§ **What is expected**: Everything below from the line with "Отделом ЦК КПРФ" through the line with "Its basically a" must be retyped exactly, except the pictures.

§ **Recorded data**:
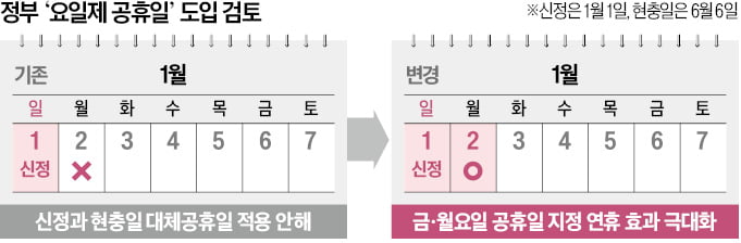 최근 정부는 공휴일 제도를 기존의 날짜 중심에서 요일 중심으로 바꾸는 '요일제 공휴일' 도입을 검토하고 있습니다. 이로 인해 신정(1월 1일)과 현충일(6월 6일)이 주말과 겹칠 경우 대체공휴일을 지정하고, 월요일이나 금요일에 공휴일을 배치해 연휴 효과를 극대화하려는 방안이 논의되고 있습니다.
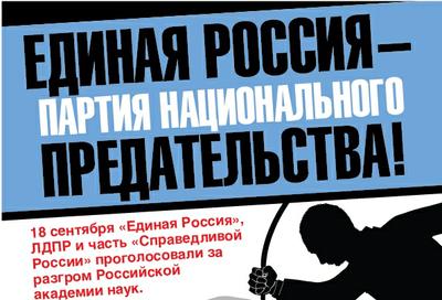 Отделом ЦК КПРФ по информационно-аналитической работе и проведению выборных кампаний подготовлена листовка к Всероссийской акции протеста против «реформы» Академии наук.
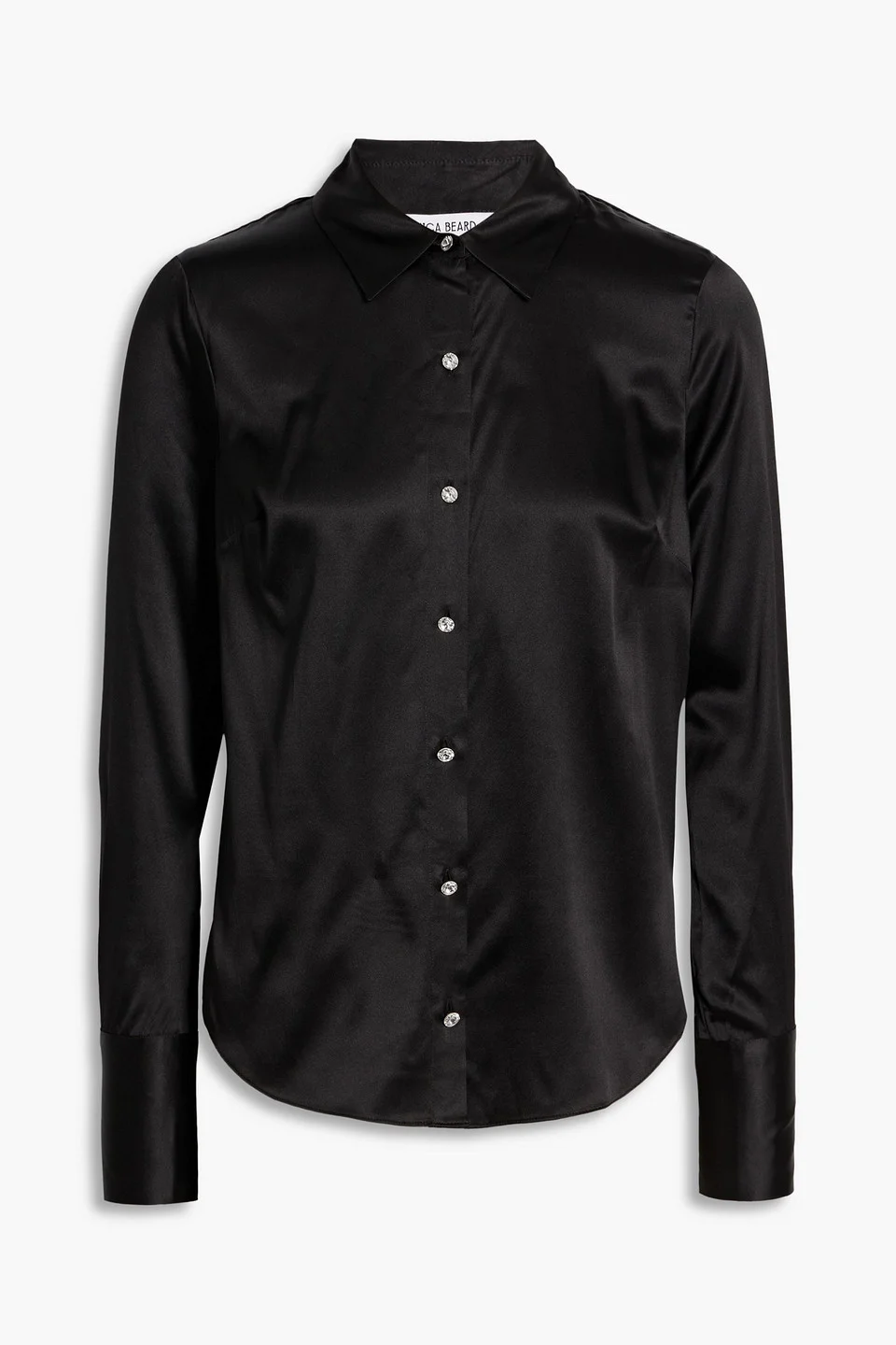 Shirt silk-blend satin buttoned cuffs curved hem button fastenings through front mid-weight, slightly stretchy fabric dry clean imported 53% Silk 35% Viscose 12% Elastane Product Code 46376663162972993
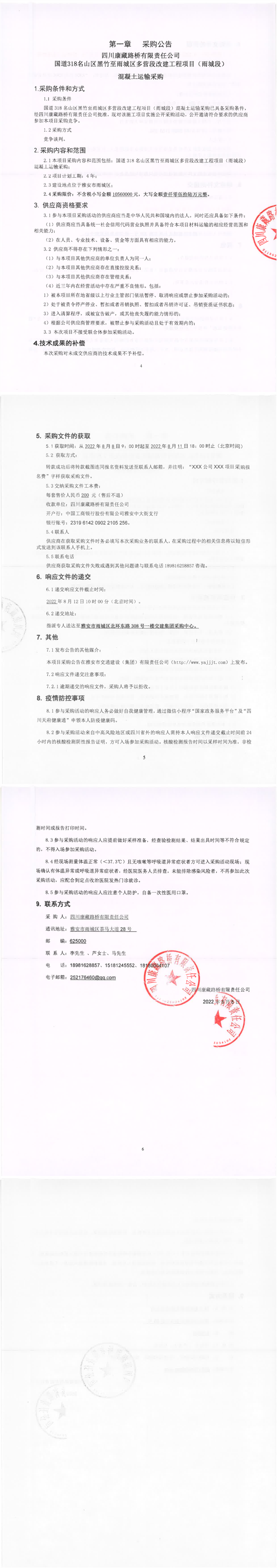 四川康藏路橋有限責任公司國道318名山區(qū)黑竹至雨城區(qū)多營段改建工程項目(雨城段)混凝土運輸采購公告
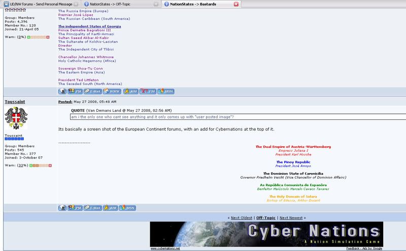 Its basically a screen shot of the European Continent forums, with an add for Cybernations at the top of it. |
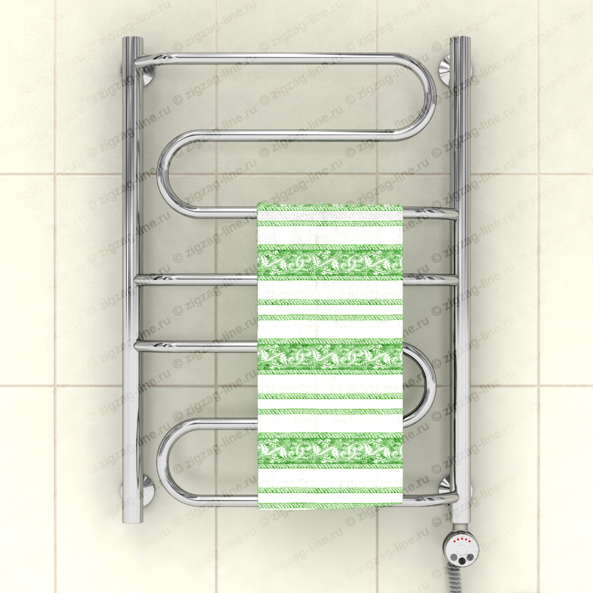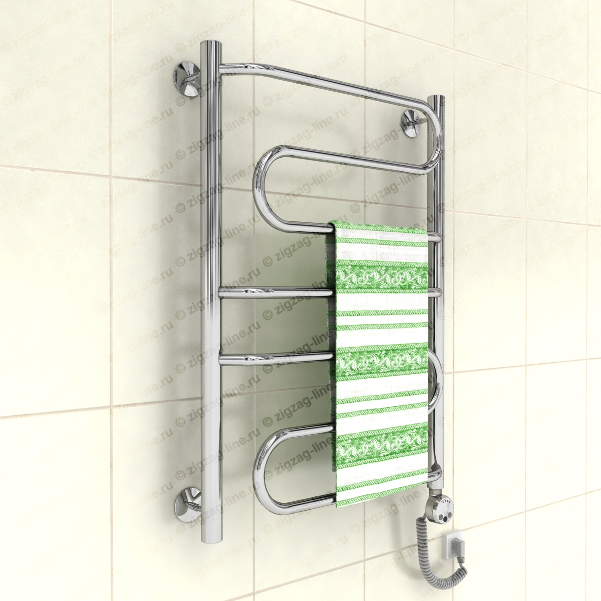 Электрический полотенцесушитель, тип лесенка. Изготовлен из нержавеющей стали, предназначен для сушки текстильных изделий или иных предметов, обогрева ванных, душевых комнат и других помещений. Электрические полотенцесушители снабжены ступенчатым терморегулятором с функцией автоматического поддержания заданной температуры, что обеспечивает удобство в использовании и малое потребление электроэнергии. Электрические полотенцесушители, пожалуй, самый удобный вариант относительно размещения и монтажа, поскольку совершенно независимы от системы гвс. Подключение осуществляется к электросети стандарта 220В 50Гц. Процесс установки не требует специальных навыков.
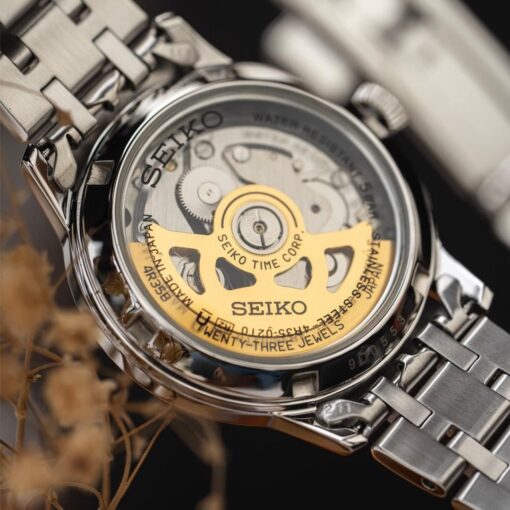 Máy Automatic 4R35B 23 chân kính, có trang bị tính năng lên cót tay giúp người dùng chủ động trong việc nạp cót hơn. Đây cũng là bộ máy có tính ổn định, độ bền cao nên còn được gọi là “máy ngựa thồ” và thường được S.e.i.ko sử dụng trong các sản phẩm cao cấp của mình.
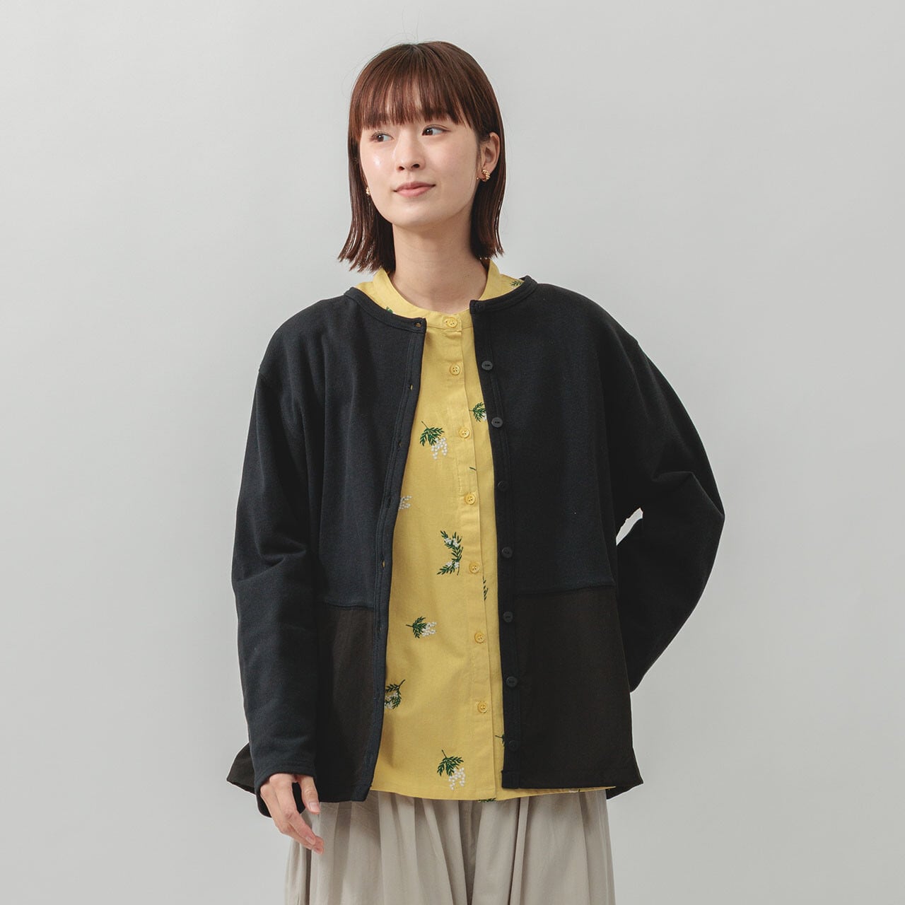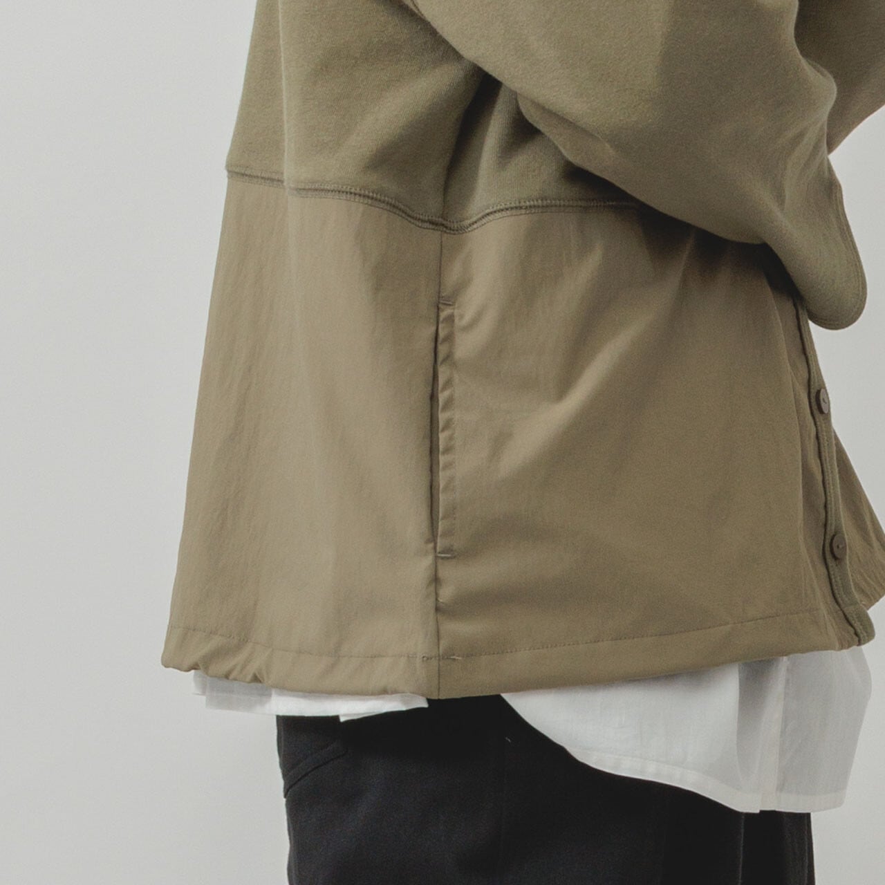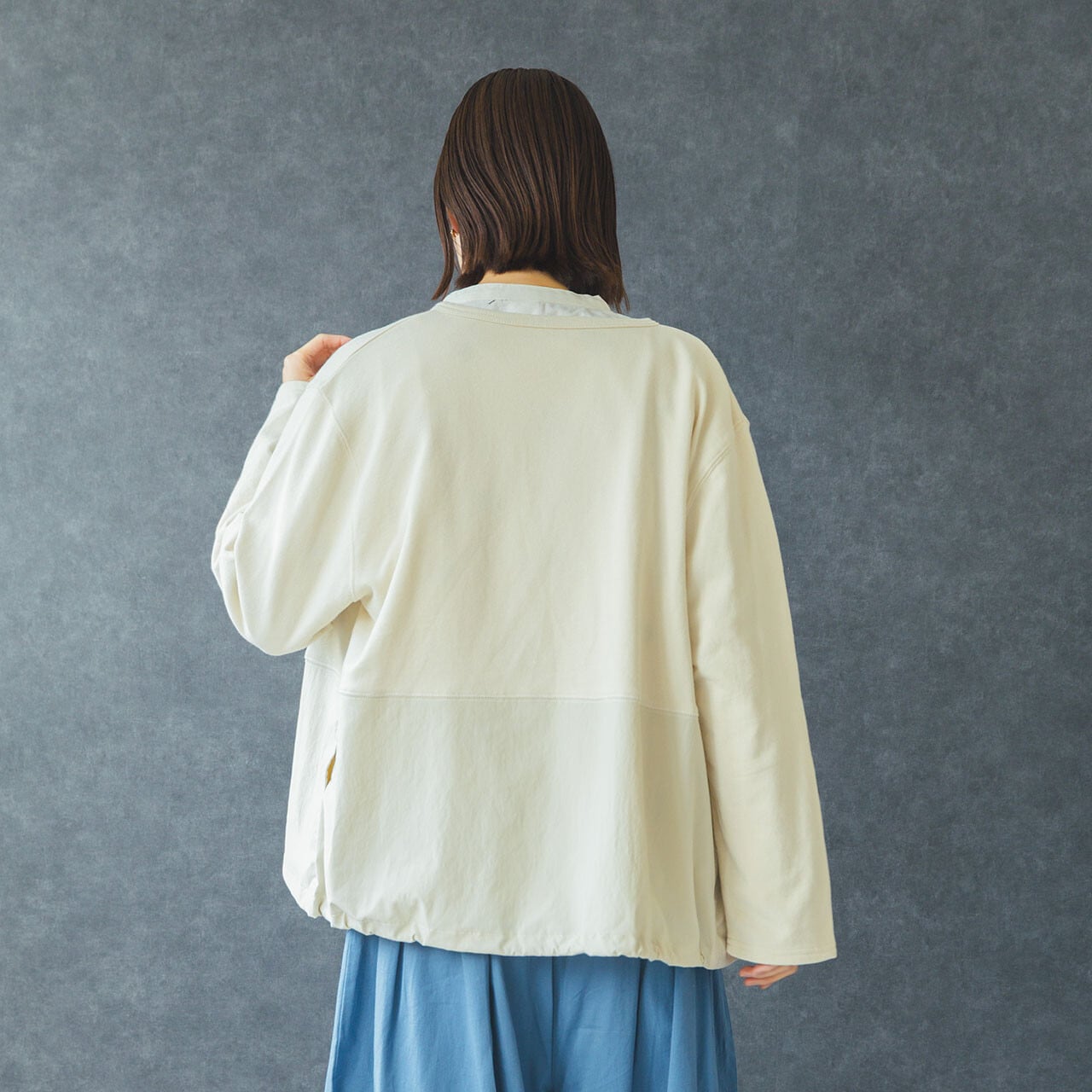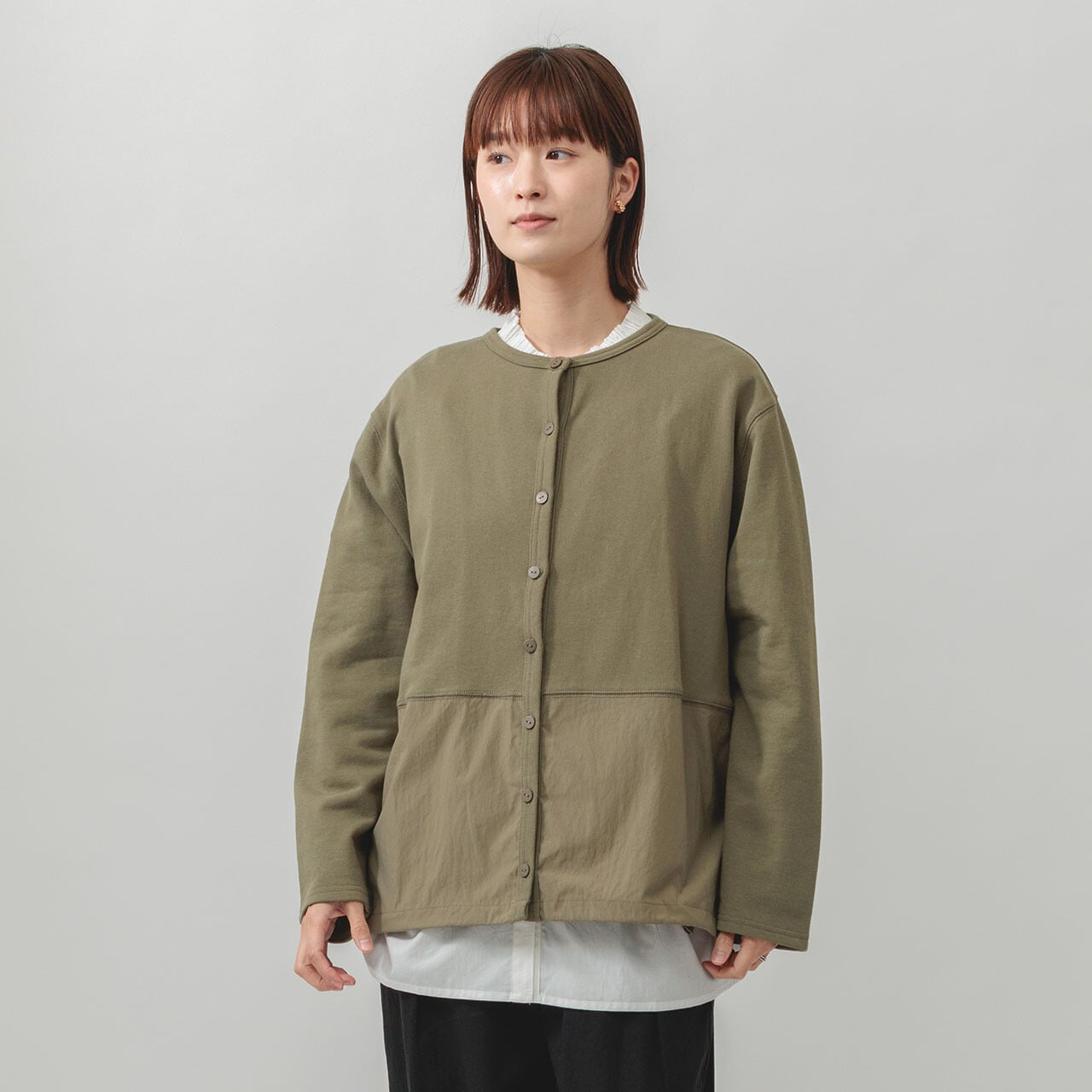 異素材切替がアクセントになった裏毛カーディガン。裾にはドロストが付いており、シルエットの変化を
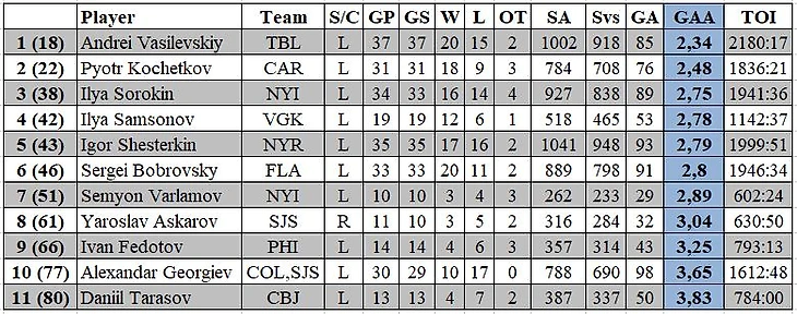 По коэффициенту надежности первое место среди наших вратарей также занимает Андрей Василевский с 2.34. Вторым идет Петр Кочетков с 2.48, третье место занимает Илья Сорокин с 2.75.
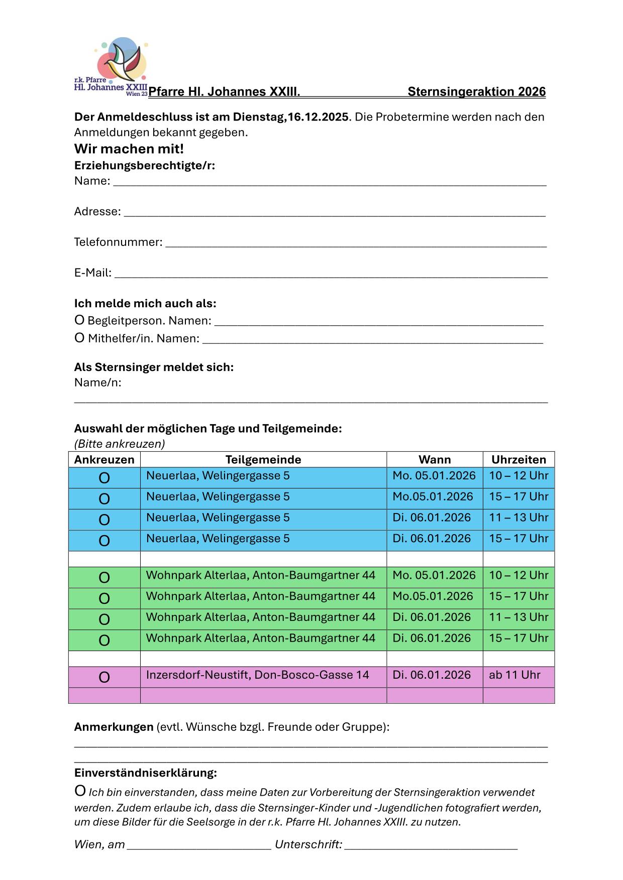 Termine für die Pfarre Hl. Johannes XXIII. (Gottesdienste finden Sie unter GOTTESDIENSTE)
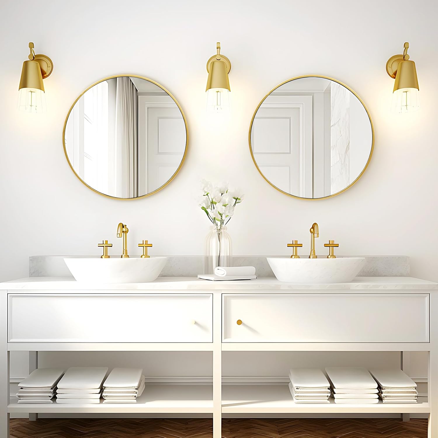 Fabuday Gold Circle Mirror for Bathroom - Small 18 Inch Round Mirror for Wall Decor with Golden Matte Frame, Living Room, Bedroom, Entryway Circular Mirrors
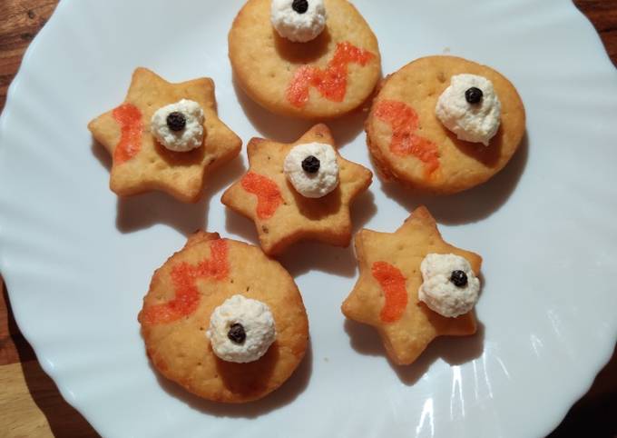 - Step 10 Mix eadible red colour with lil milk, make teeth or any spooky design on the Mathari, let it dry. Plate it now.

§ **Your response**:
 Отделом ЦК КПРФ по информационно-аналитической работе и проведению выборных кампаний подготовлена листовка к Всероссийской акции протеста против «реформы» Академии наук.
 Shirt silk-blend satin buttoned cuffs curved hem button fastenings through front mid-weight, slightly stretchy fabric dry clean imported 53% Silk 35% Viscose 12% Elastane Product Code 46376663162972993
 四川康藏路橋有限責任公司國道318名山區(qū)黑竹至雨城區(qū)多營段改建工程項目(雨城段)混凝土運輸采購公告
 Its basically a screen shot of the European Continent forums, with an add for Cybernations at the top of it. |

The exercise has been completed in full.